Data records
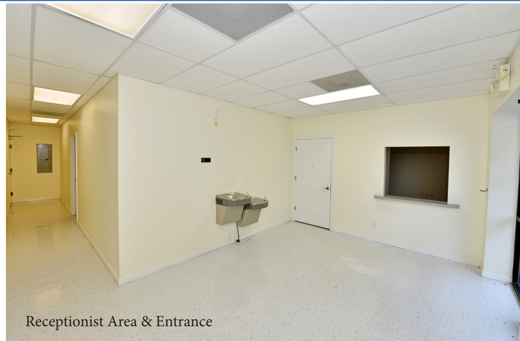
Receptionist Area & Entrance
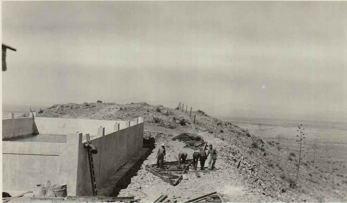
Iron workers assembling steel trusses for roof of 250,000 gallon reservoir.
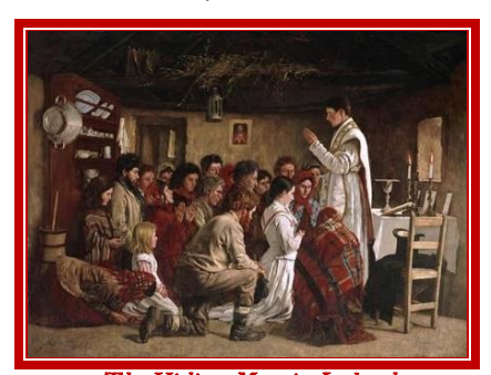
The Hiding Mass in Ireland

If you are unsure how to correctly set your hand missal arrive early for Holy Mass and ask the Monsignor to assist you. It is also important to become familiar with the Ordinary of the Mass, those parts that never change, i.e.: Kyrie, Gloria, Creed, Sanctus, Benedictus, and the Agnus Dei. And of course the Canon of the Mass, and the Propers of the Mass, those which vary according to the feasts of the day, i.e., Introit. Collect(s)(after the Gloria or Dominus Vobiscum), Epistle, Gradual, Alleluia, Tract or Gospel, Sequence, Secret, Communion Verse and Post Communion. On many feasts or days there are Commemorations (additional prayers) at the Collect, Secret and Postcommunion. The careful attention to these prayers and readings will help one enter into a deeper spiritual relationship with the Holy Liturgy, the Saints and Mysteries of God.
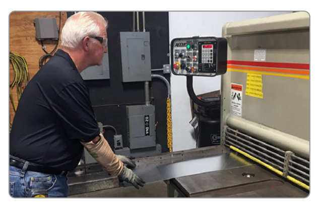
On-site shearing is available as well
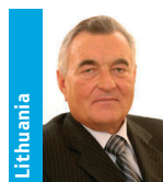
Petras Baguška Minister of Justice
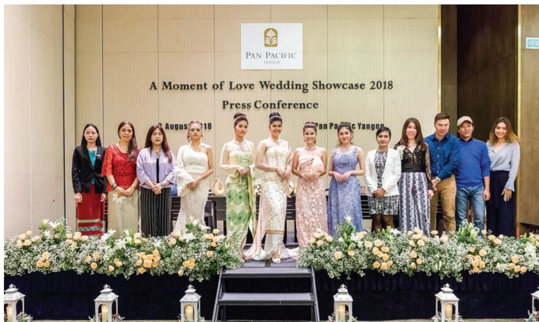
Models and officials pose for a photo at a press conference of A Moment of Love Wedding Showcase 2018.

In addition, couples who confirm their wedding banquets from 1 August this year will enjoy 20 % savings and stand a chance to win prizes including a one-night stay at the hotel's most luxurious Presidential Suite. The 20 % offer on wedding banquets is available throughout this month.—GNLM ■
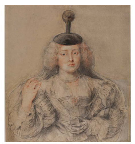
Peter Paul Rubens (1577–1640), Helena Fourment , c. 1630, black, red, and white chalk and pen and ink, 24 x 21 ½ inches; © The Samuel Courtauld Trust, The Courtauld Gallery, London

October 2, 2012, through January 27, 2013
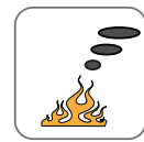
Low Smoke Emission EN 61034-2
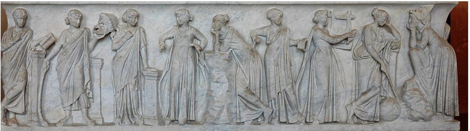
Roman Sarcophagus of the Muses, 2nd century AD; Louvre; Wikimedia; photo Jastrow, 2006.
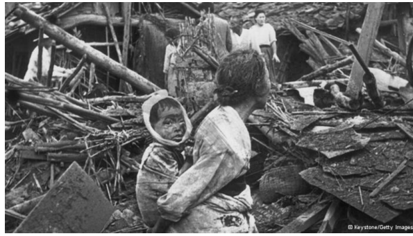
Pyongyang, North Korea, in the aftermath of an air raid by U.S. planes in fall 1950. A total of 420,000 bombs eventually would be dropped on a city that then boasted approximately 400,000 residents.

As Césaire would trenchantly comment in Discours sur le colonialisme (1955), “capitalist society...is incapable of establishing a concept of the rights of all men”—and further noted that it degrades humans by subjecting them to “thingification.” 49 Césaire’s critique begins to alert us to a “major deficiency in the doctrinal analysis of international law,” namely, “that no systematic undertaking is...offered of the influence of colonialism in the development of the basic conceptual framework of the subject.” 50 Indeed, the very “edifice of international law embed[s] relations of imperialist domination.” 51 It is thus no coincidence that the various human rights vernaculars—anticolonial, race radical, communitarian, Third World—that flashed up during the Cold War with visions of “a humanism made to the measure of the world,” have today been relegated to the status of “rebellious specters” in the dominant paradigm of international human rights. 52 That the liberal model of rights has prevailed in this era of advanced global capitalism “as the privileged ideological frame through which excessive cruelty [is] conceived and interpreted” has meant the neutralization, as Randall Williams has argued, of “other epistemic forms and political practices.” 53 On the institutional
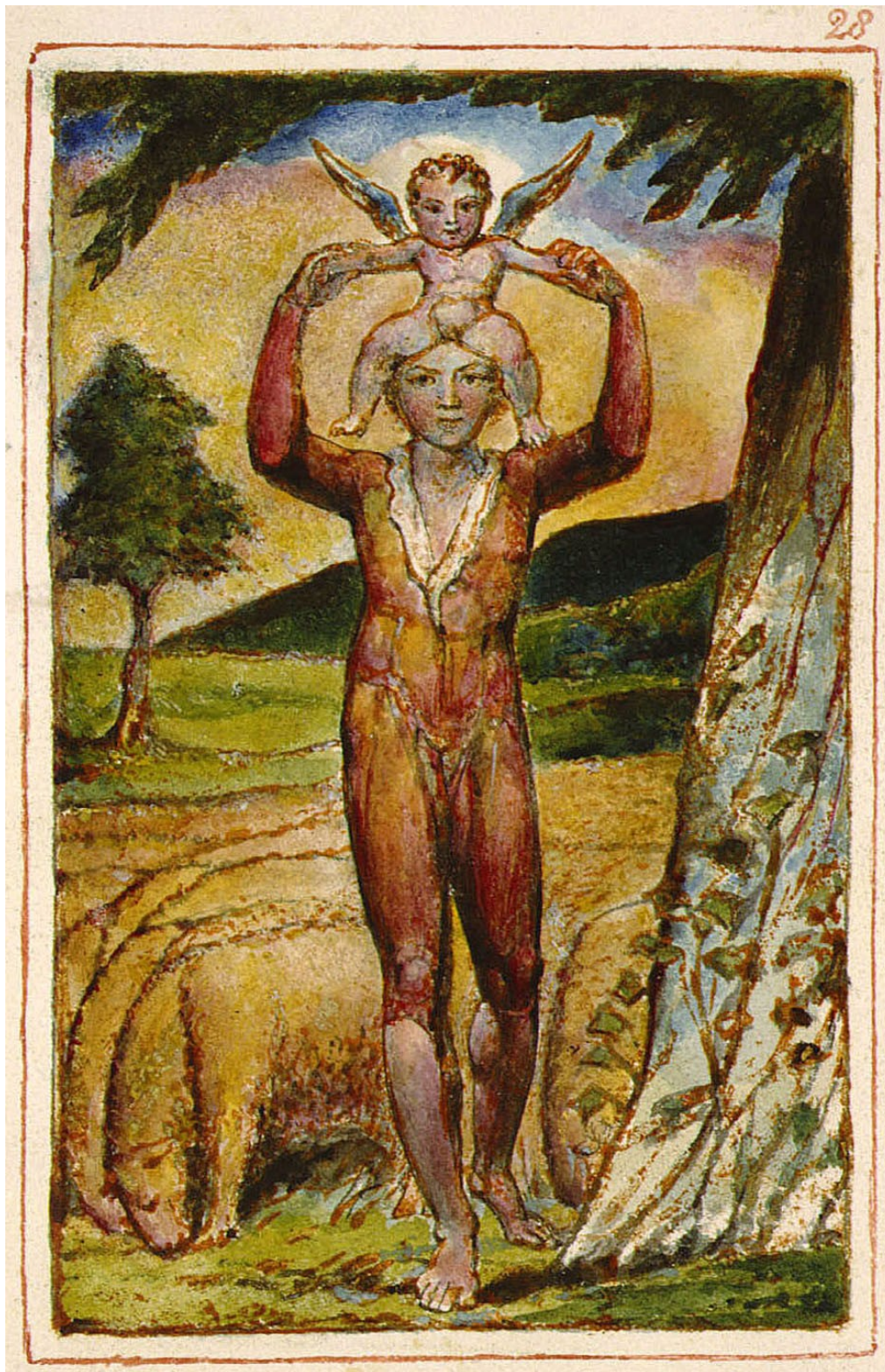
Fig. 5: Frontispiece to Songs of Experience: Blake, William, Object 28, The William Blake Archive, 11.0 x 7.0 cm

▶ **EXERCISE AIM**
Each record above has to be written out again in full, but its pictures must not be.

▶ **EXPECTED OUTPUT**
Receptionist Area & Entrance
Iron workers assembling steel trusses for roof of 250,000 gallon reservoir.
The Hiding Mass in Ireland

If you are unsure how to correctly set your hand missal arrive early for Holy Mass and ask the Monsignor to assist you. It is also important to become familiar with the Ordinary of the Mass, those parts that never change, i.e.: Kyrie, Gloria, Creed, Sanctus, Benedictus, and the Agnus Dei. And of course the Canon of the Mass, and the Propers of the Mass, those which vary according to the feasts of the day, i.e., Introit. Collect(s)(after the Gloria or Dominus Vobiscum), Epistle, Gradual, Alleluia, Tract or Gospel, Sequence, Secret, Communion Verse and Post Communion. On many feasts or days there are Commemorations (additional prayers) at the Collect, Secret and Postcommunion. The careful attention to these prayers and readings will help one enter into a deeper spiritual relationship with the Holy Liturgy, the Saints and Mysteries of God.
On-site shearing is available as well
Petras Baguška Minister of Justice
Models and officials pose for a photo at a press conference of A Moment of Love Wedding Showcase 2018.

In addition, couples who confirm their wedding banquets from 1 August this year will enjoy 20 % savings and stand a chance to win prizes including a one-night stay at the hotel's most luxurious Presidential Suite. The 20 % offer on wedding banquets is available throughout this month.—GNLM ■
Peter Paul Rubens (1577–1640), Helena Fourment , c. 1630, black, red, and white chalk and pen and ink, 24 x 21 ½ inches; © The Samuel Courtauld Trust, The Courtauld Gallery, London

October 2, 2012, through January 27, 2013
Low Smoke Emission EN 61034-2
Roman Sarcophagus of the Muses, 2nd century AD; Louvre; Wikimedia; photo Jastrow, 2006.
Pyongyang, North Korea, in the aftermath of an air raid by U.S. planes in fall 1950. A total of 420,000 bombs eventually would be dropped on a city that then boasted approximately 400,000 residents.

As Césaire would trenchantly comment in Discours sur le colonialisme (1955), “capitalist society...is incapable of establishing a concept of the rights of all men”—and further noted that it degrades humans by subjecting them to “thingification.” 49 Césaire’s critique begins to alert us to a “major deficiency in the doctrinal analysis of international law,” namely, “that no systematic undertaking is...offered of the influence of colonialism in the development of the basic conceptual framework of the subject.” 50 Indeed, the very “edifice of international law embed[s] relations of imperialist domination.” 51 It is thus no coincidence that the various human rights vernaculars—anticolonial, race radical, communitarian, Third World—that flashed up during the Cold War with visions of “a humanism made to the measure of the world,” have today been relegated to the status of “rebellious specters” in the dominant paradigm of international human rights. 52 That the liberal model of rights has prevailed in this era of advanced global capitalism “as the privileged ideological frame through which excessive cruelty [is] conceived and interpreted” has meant the neutralization, as Randall Williams has argued, of “other epistemic forms and political practices.” 53 On the institutional
Fig. 5: Frontispiece to Songs of Experience: Blake, William, Object 28, The William Blake Archive, 11.0 x 7.0 cm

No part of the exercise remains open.